--- Work to be completed ---
When you copy the records that follow, please keep every word exactly as it is and leave out the pictures.

--- Items from a dataset ---
((

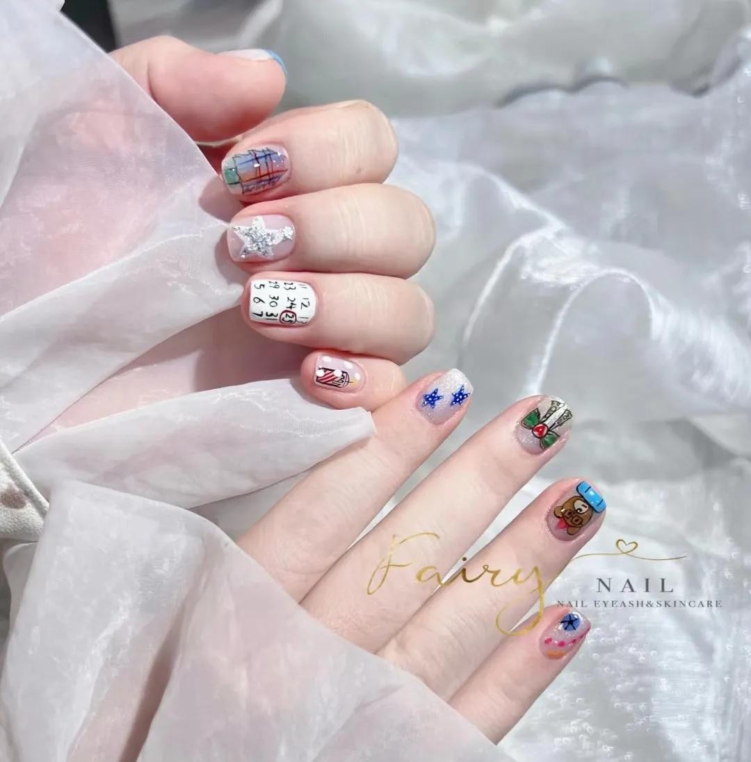 元气卡通少女圣诞美甲
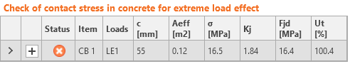 Concrete in compression determined by CBFEM is compared with the manual calculation according to EN 1993-1-8 and EN 1992-1-1.
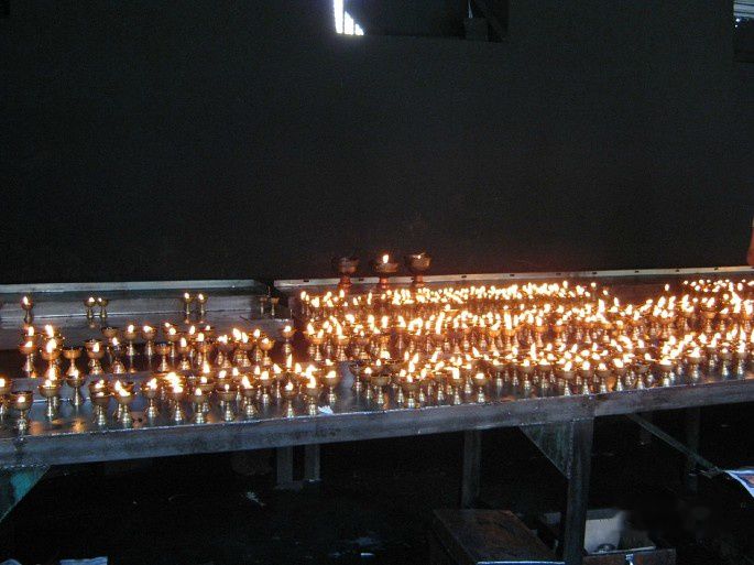 下午1点半到达孜县德庆镇,镇上有一座桑阿寺,紧靠路边,进去看看,规模很大,一派历史悠久的样子,但壁画、唐卡等彩绘似乎都是新的。有一间大房子很暗,里面点了数不清的酥油灯。
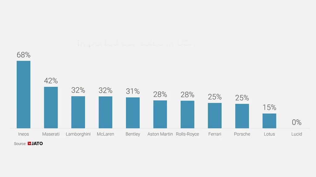 Secondo i dati forniti da Jato, nel 2024 negli Stati Uniti è stata registrata la vendita di 16,1 milioni di autoveicoli leggeri. Di questi, circa 6,3 milioni erano prodotti prevalentemente dal Messico, Canada, Unione Europea, Regno Unito, Giappone e Corea del Sud, regioni che dovranno affrontare un dazio del 25% In relazione all'export di veicoli negli Stati Uniti. In aggiunta, dalla data del 3 maggio 2025, tali disposizioni verranno ampliate per coprire anche i componenti prodotti automobilistici esportati all'estero.
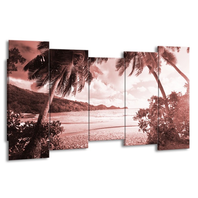 Glasschilderij Zee, Strand | Bruin, Rood | 150x80cm 5Luik

))

--- Task response ---
 元气卡通少女圣诞美甲
 Concrete in compression determined by CBFEM is compared with the manual calculation according to EN 1993-1-8 and EN 1992-1-1.
 下午1点半到达孜县德庆镇,镇上有一座桑阿寺,紧靠路边,进去看看,规模很大,一派历史悠久的样子,但壁画、唐卡等彩绘似乎都是新的。有一间大房子很暗,里面点了数不清的酥油灯。
 Secondo i dati forniti da Jato, nel 2024 negli Stati Uniti è stata registrata la vendita di 16,1 milioni di autoveicoli leggeri. Di questi, circa 6,3 milioni erano prodotti prevalentemente dal Messico, Canada, Unione Europea, Regno Unito, Giappone e Corea del Sud, regioni che dovranno affrontare un dazio del 25% In relazione all'export di veicoli negli Stati Uniti. In aggiunta, dalla data del 3 maggio 2025, tali disposizioni verranno ampliate per coprire anche i componenti prodotti automobilistici esportati all'estero.
 Glasschilderij Zee, Strand | Bruin, Rood | 150x80cm 5Luik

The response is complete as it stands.